在原行平(ありわらの ゆきひら、818~893)とは、平安時代前期の貴族・歌人である。
概要
百人一首16番の作者。
阿保親王の次男(もしくは三男)で、在原業平の兄(業平とは同母兄弟、異母兄弟のどちらだったかは不明)。
父が平城天皇の皇子であることから、場合によっては自分が天皇となってもおかしくない身分だったが、祖父・平城天皇が原因で起きた薬子の変に巻き込まれて阿保親王は失脚。天皇の系統は嵯峨天皇(平城天皇の弟)に完全に移行し、皇位係争に巻き込まれることを恐れた父によって在原氏を賜り、臣下となって生きる道を選ぶ。
歌や恋に生き、波瀾万丈の生涯を送った弟・業平とは対照的に、地方官や中央官吏を歴任するなど堅実な人生を歩んだ。藤原北家による専制が進んで、橘氏や伴氏が没落する中、政治の中核に位置し、最終的には中納言に昇進した。民政や教育に手腕を発揮し、時の関白・藤原基経に意見するだけの実力を持っていたと言われる。
855年に初めて国司の長官(守)に任じられ、因幡国に赴く。この時に詠んだ「立ち別れ いなばの山の みねにおふる まつとし聞かば 今帰り来む」が、百人一首に載せられている。この歌は、飼い猫がいなくなった時に、下の句の「まつとし聞かば~」を書いた札を置くと、飼い猫が戻ってくるとおまじないに使われた。また、この下の句はスタジオジブリ映画「かぐや姫の物語」の挿入歌にも使われている。
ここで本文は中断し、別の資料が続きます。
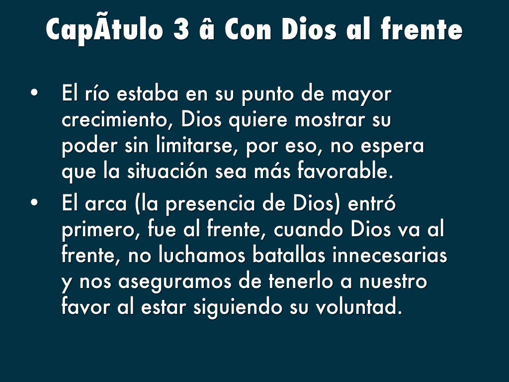 • El arca (la presencia de Dios) entró primero, fue al frente, cuando Dios va al frente, no luchamos batallas innecesarias y nos aseguramos de tenerlo a nuestro favor al estar siguiendo su voluntad.

また、因幡国守に就任した前後には、何らかの罪で須磨に蟄居したと言われる。源氏物語の「須磨」で光源氏が須磨に退去したエピソードは、この行平の話が基になったとされる。行平の蟄居の原因は、弟・業平が藤原高子と駆け落ちしたスキャンダルに連座したという説がある一方、そもそもこの須磨退去自体、後世の創作という意見もあり、真相は不明である。室町時代に観阿弥・世阿弥親子が作った能「松風」は、この2つのエピソードを基にしている。